Un caso che si ripete
Quello documentato dalla BBC non è il primo scandalo che colpisce le coltivazioni del colosso britannico.
Già nel 2007, infatti, si era assistito a un evento drammatico, sempre in Kenya, nei pressi della città di Kericho.
Il caos era scoppiato a seguito della sconfitta alle elezioni presidenziali del candidato supportato dagli abitanti della città limitrofa alla piantagione.
I lavoratori che vivevano nella coltivazione di tè, appartenenti ad altre tribù, furono attaccati brutalmente dagli abitanti di Kericho, perchè ritenuti sostenitori del candidato vincitore.
Molti furono torturati e violentati sessualmente, e ci furono anche diverse vittime.
Chi riuscì a sopravvivere riportò gravi ferite, sia fisiche che psicologiche.
Le loro case furono bruciate o distrutte, i loro pochi averi rubati.
Numerosi furono quelli che non ebbero più il coraggio o la possibilità di tornare a lavorare nella piantagione.
La causa contro Unilever
I lavoratori che ebbero la forza di esporsi, intentarono nel 2016 una causa alla sede centrale di Unilever, nel Regno Unito.
Duecentodiciotto tra sopravvissuti e parenti delle vittime hanno denunciato l’accaduto, grazie alla collaborazione trovata in Leigh Day, un avvocato londinese, con l’obiettivo di richiedere un risarcimento alla multinazionale.

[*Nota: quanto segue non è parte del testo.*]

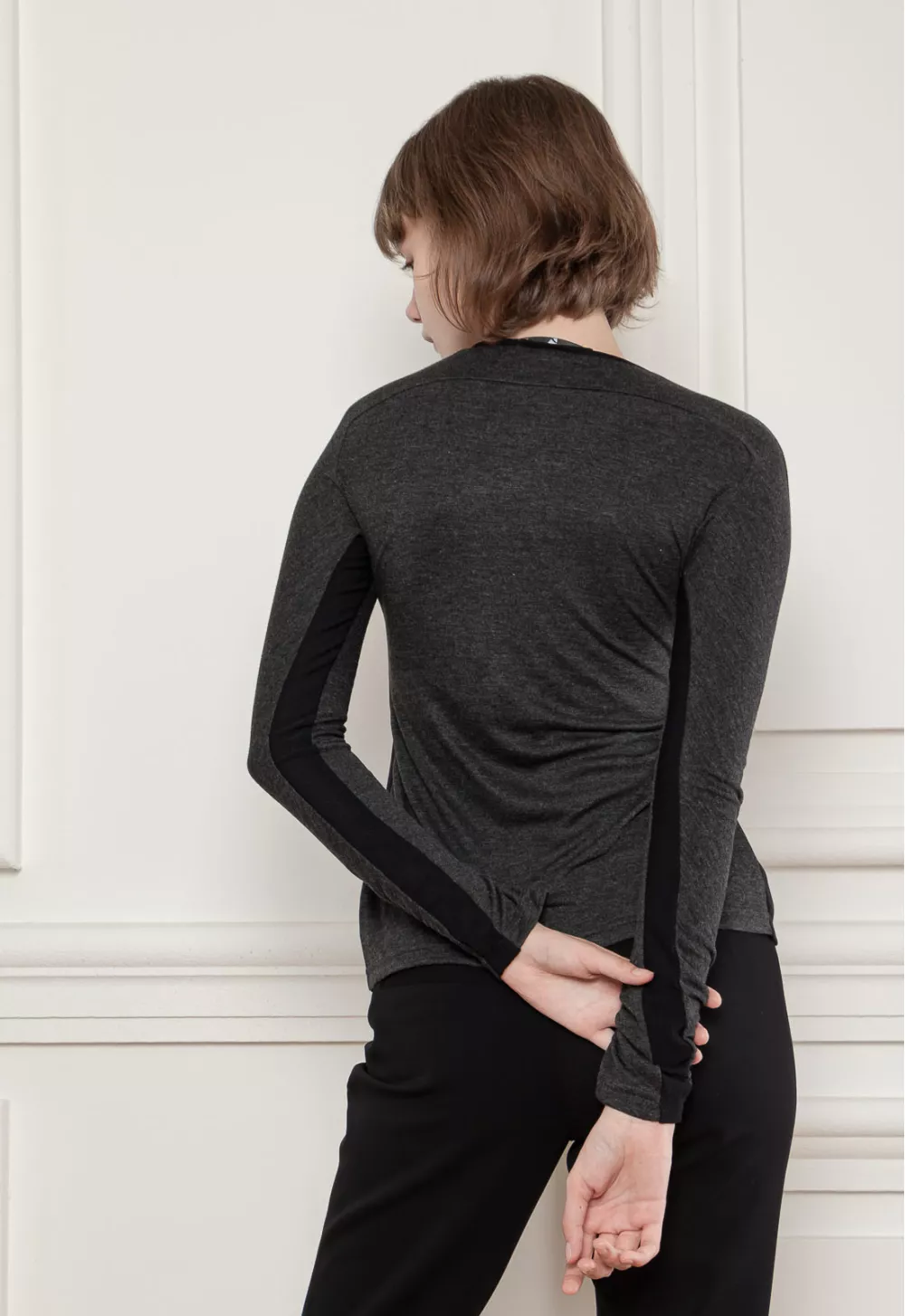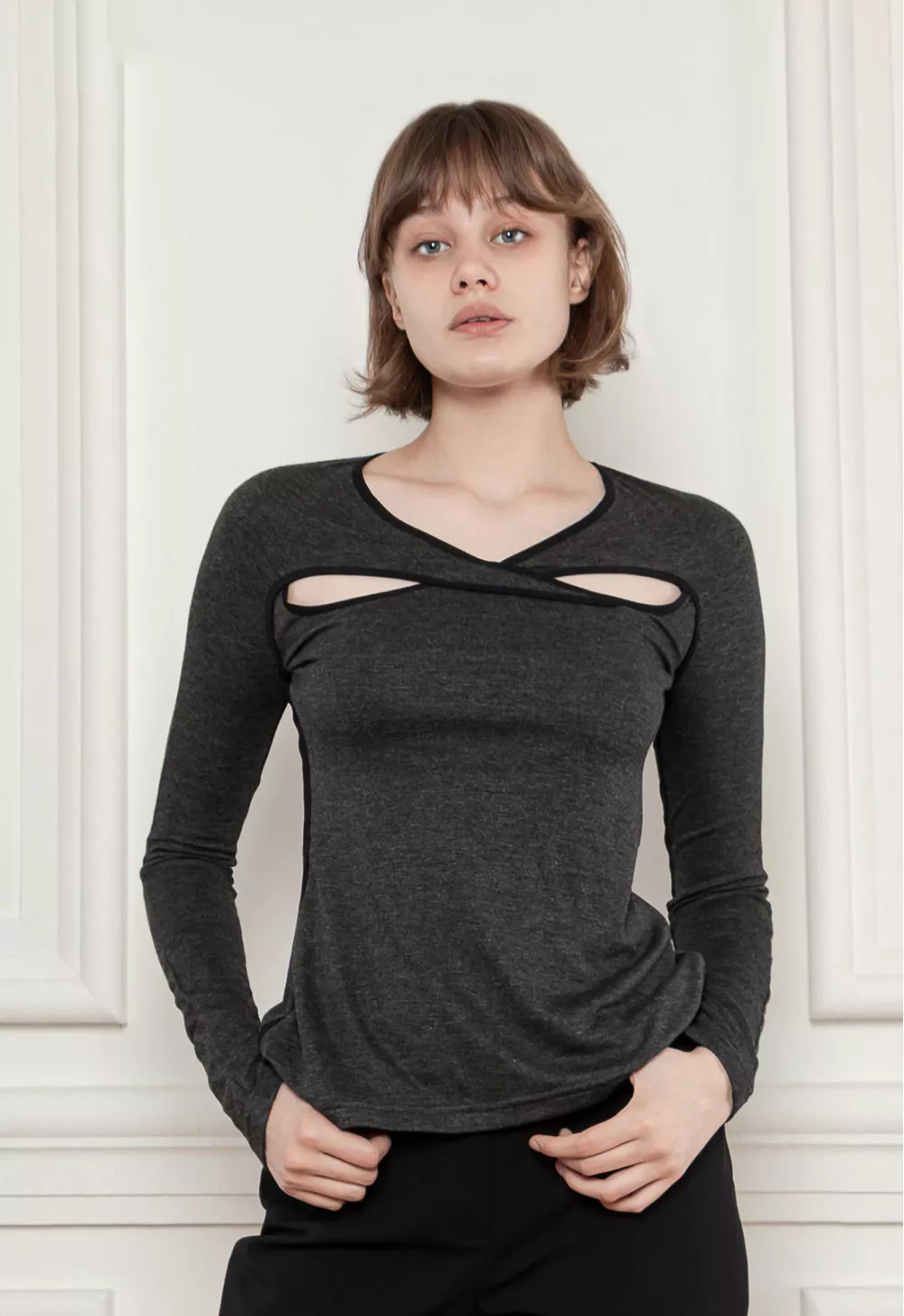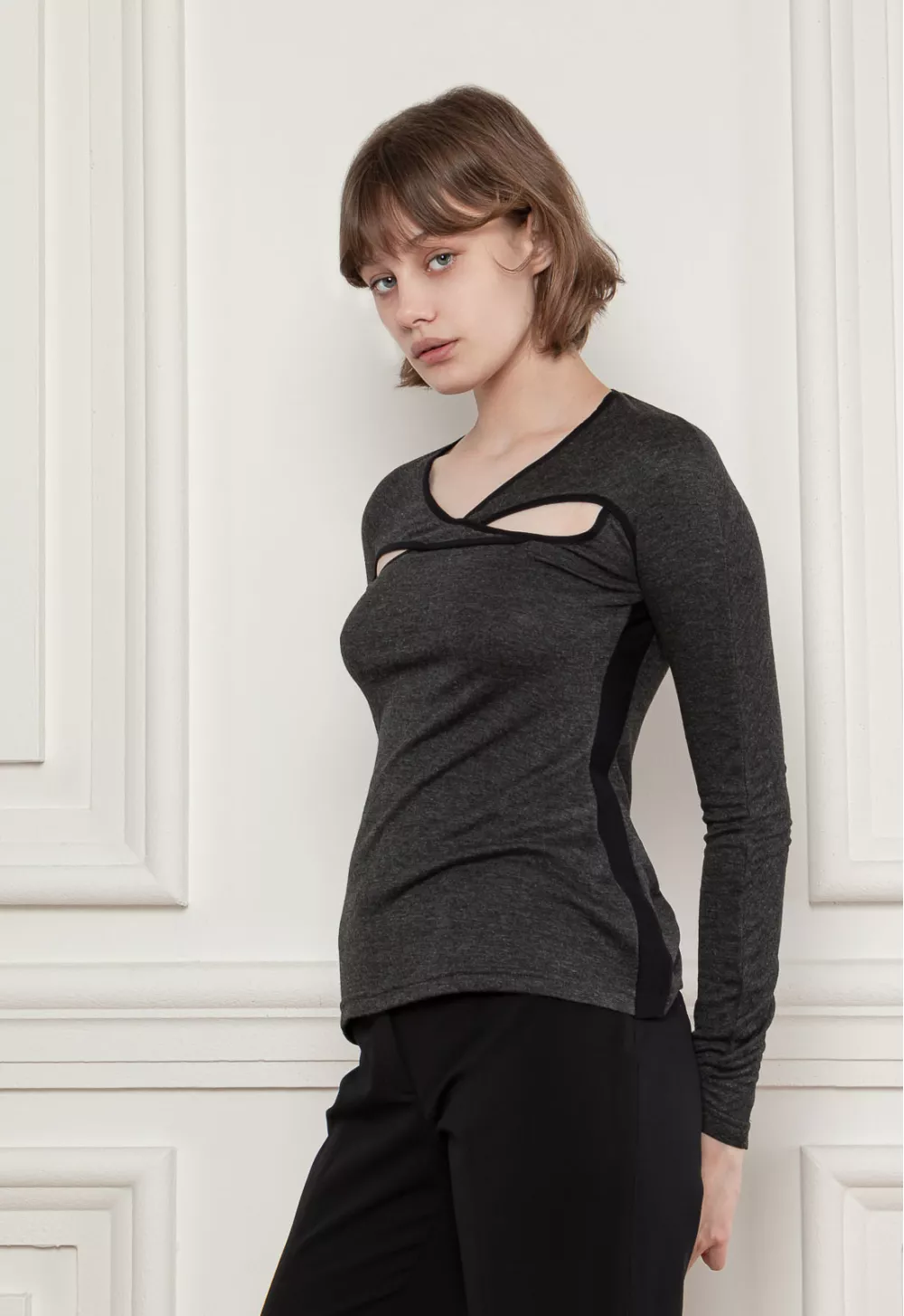 Трикотажний топ з декоративними вирізами. Крій приталений, по рукавно-боковому шву вставка із контрасної тканини. З ідеальною посадкою і правильною довжиною.

Unilever non aveva adottato alcuna misura per proteggere i lavoratori appartenenti alle etnie di minoranza.
Eppure, i segnali del caos e della violenza esplosi a seguito delle elezioni non erano mancati durante le settimane precedenti al voto.
I kenioti fedeli al candidato sconfitto, tra i quali figuravano anche diversi manager delle piantagioni di Unilever, avevano minacciato gli altri lavoratori, fino a impedire loro di andare a votare.
Le etnie di minoranza avevano cercato di sensibilizzare l’azienda su questo problema, ma invano.
La società si era attivata solo per proteggere le sue proprietà ed evacuare i suoi manager, lasciando, però, i lavoratori inermi.
Dopo che un giudice di Londra ha decretato illegittimo il processo alla casa madre di Unilever, i lavoratori si sono appellati alle Nazioni Unite.
La loro speranza è, ora, riposta nelle mani dell’organismo internazionale e dei suoi principi.